Notebook

This is similar to the 'CNN' notebook, but will use pure tensorflow.

In [1]:

# Standard scientific Python imports
import matplotlib.pyplot as plt
%matplotlib inline

# Import datasets, classifiers and performance metrics
from sklearn import datasets, svm, metrics

# The digits dataset
digits = datasets.load_digits()

import tensorflow as tf
#sess = tf.InteractiveSession()
import numpy as np

# The data that we are interested in is made of 8x8 images of digits, let's
# have a look at the first 4 images, stored in the `images` attribute of the
# dataset.  If we were working from image files, we could load them using
# matplotlib.pyplot.imread.  Note that each image must have the same size.

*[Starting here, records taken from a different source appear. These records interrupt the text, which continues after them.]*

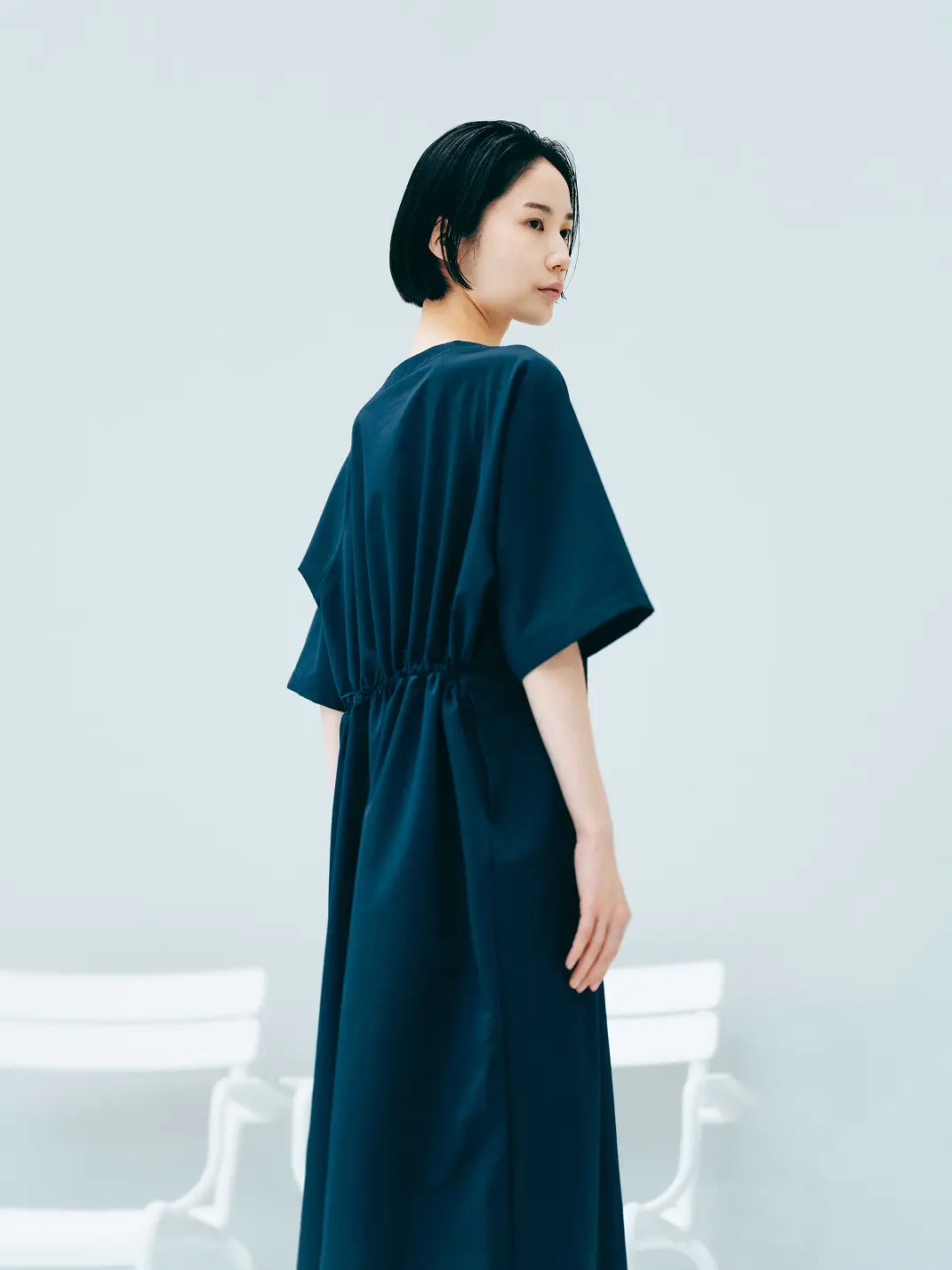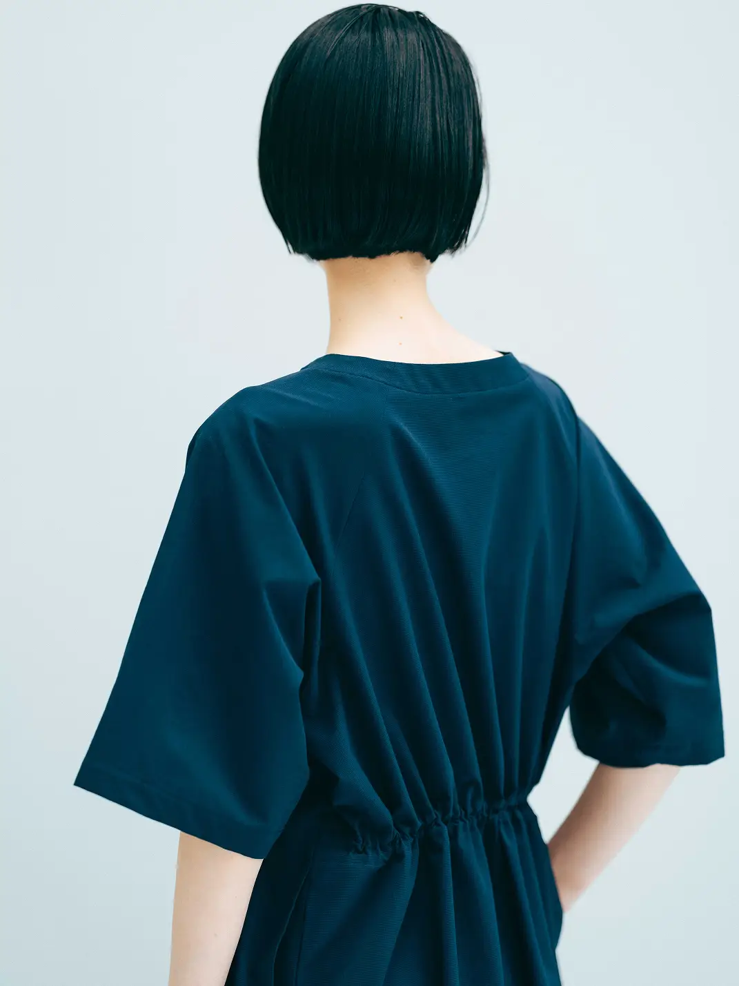 通気性と速乾性を備えたポリエステル布帛素材のワンピース。メッシュのような通気孔により、さらりとした着心地が続きます。腰にはポケットを配し、背中にはシルエットを調整できるゴムのシャーリングを配置。適度なストレッチ性で、身体の動きにもスムーズにフィットします。UVガード(UPF30-50+、紫外線カット率90%以上)機能に加え、虫よけ加工も施しています。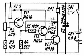 Принципиальная схема ЭМИ приведена на рис. 39. Резистор R1 включен в частотозадающую цепь генератора через каскад на транзисторе VT2 с общей базой. Малое входное и большое выходное сопротивления такого каскада обеспечивают стабильную работу генератора.
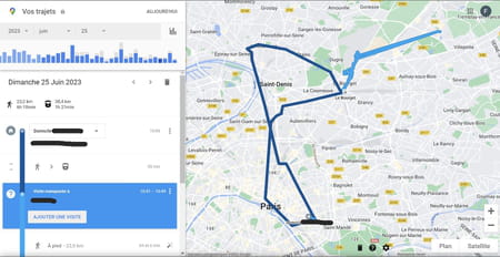 Le menu en haut à gauche permet de remonter le temps. En choisissant une date précise, vous verrez les activités et lieux visités ce jour-là. Il y a quelques années, il était aussi possible de voir les photos qui avaient été prises, même si celles-ci avaient déjà été supprimées du téléphone. Vous pouvez même ajouter des précisions sur ce que vous avez fait et corriger les informations. L'outil en bas permet de visualiser les lieux visités par ordre de fréquence ou encore de regarder les voyages effectués. Le site dispose aussi d'une icône corbeille qui permet de supprimer tout l'historique.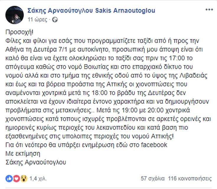 Προειδοποίηση για όσους ταξιδεύουν προς Αττική ή σκέφτονται να φύγουν από αυτήν απηύθυνε πριν από λίγο ο γνωστός εμπειρικός μετεωρολόγος Σ.Αρναούτογλου.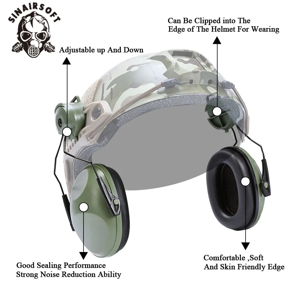 SINAIRSOFT Casco táctico Versión montada Orejeras Tapones para los oídos antiruido Protección auditiva Defensores para los oídos insonorizados Auriculares Caza Tiro Accesorios deportivos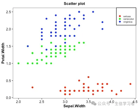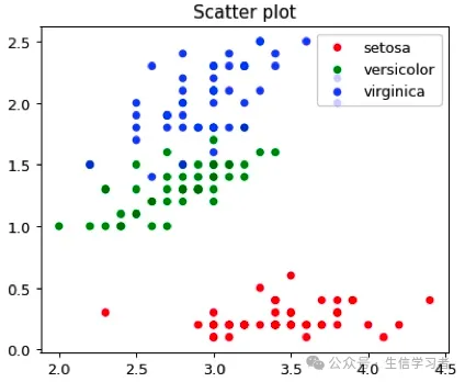 dat = r.iris # Python调用R内嵌数据使用r.dataspecies_map = {'setosa':1, 'versicolor':2, 'virginica':3}dat['Species'] = dat['Species'].map(species_map)import numpy as npimport matplotlib.pyplot as plt# plt.scatter(dat['Sepal.Width'], dat['Petal.Width'], c=dat['Species'],# alpha=0.8, edgecolors='none', s=30, label=["1", "2", "3"])# plt.title('Scatter plot in iris')# plt.xlabel('Sepal.Width (cm)')# plt.ylabel('Petal.Width (cm)')# plt.legend(loc=1)# plt.show()dat1 = (np.array(dat[dat.Species==1]['Sepal.Width']), np.array(dat[dat.Species==1]['Petal.Width']))dat2 = (np.array(dat[dat.Species==2]['Sepal.Width']), np.array(dat[dat.Species==2]['Petal.Width']))dat3 = (np.array(dat[dat.Species==3]['Sepal.Width']), np.array(dat[dat.Species==3]['Petal.Width']))mdat = (dat1, dat2, dat3)colors = ("red", "green", "blue")groups = ("setosa", "versicolor", "virginica")# step1 build figure backgroundfig = plt.figure()# step2 build axisax = fig.add_subplot(1, 1, 1, facecolor='1.0') # step3 build figurefor data, color, group in zip(mdat, colors, groups): x, y = data ax.scatter(x, y, alpha=0.8, c=color, edgecolors='none', s=30, label=group) plt.title('Scatter plot')plt.legend(loc=1) # step4 show figure in the screenplt.show()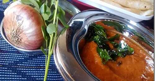 Tamarind Onion Chutney is an accompaniment that people serve with South Indian Dosa.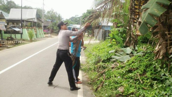 Polisi dan Warga Bersihkan Rumput dan Ranting Dipinggir Jalan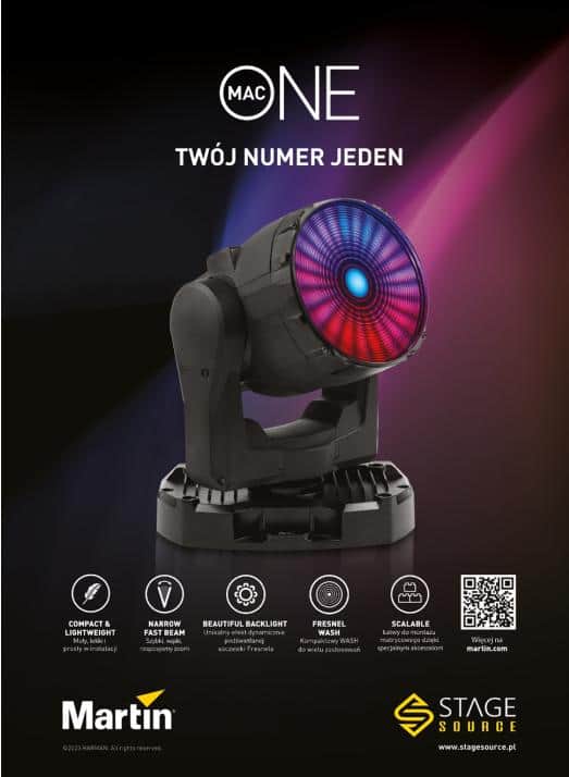 Wśród systemów LED-owych firmy Martin pojawiła się kolejna nowość – panele EC-10. Po raz pierwszy mogliśmy je oglądać podczas kwietniowych targów Prolight + Sound, a już wkrótce pojawią się w sprzedaży.EC-10 to siostrzany produkt znanych już EC-20, z tym że oferujący wyższą rozdzielczość (10 mm zamiast 20 mm). Jeśli chodzi o jasność, kolory, kontrolę i przetwarzanie obrazu, te dwa modele paneli są ze sobą w stu procentach kompatybilne. Charakteryzuje je ten sam lekki design i sposób montażu – łatwe łączenie paneli bez użycia narzędzi, wyeliminowane kable w połączeniach pomiędzy panelami, te same akcesoria i możliwość łączenia paneli pod kątem dla uzyskania zakrzywionych powierzchni o promieniu krzywizny od 1,5 m. Wszystko to sprawia, że panele EC-10 i EC-20 można bez problemu łączyć w jednym systemie.Pojedynczy moduł EC-10 to panel o rozmiarach 480 × 100 × 720 mm i wadze 11,3 kg, który zawiera 48 × 72 pikseli. Charakteryzuje się jasnością 4000 nit, odświeżaniem 3000 Hz, które eliminuje efekt migotania, i stopniem ochrony IP65, który umożliwia wykorzystanie paneli również na zewnątrz. Kąt dobrej widoczności w poziomie wynosi 140°. Każdy panel ma złącza dla sygnału wideo (analogowego i cyfrowego), zasilania i danych sterujących. System może być kontrolowany z wykorzystaniem procesorów P3 Martina, które zapewniają szerokie możliwości przetwarzania wideo.www.martin.com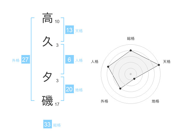 高久 夕磯さんの総格は33画の4点!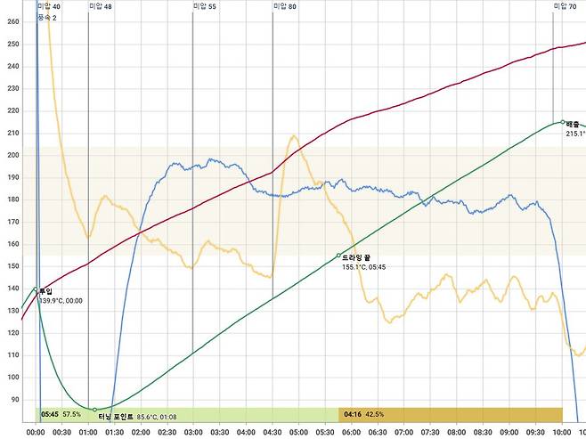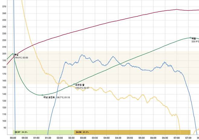 로스팅 프로파일은 파이어스코프로 측정했습니다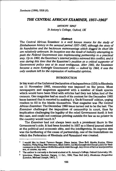 The Central African Examiner is a well known source for the study of Zimbabwean history in the seminal period 1957-1965, although the story of its foundation and the backroom manoeuvrings which dogged its short life are relatively unknown. Its inception was the result of industry attempting to push the Federal Government into implementing partnership in a practical way. Up to 1960, the Examiner's internal politics mirrored this conflict, and it was during this time that the Examiner's position as a critical supporter of Government policy was at its most ambiguous. After 1960, the Examiner became a more forthright Government critic indeed by 1964, it was the only medium left for the expression of nationalist opinion

For these
# images, we know which digit they represent: it is given in the 'target' of
# the dataset.

In [2]:

images_and_labels = list(zip(digits.images, digits.target))
for index, (image, label) in enumerate(images_and_labels[:4]):
    plt.subplot(2, 4, index + 1)
    plt.axis('off')
    plt.imshow(image, cmap=plt.cm.gray_r, interpolation='nearest')
    plt.title('Training: %i' % label)

In [3]:

# To apply a classifier on this data, we need to flatten the image, to
# turn the data in a (samples, feature) matrix:
digits.target_cat = tf.one_hot(digits.target, 10)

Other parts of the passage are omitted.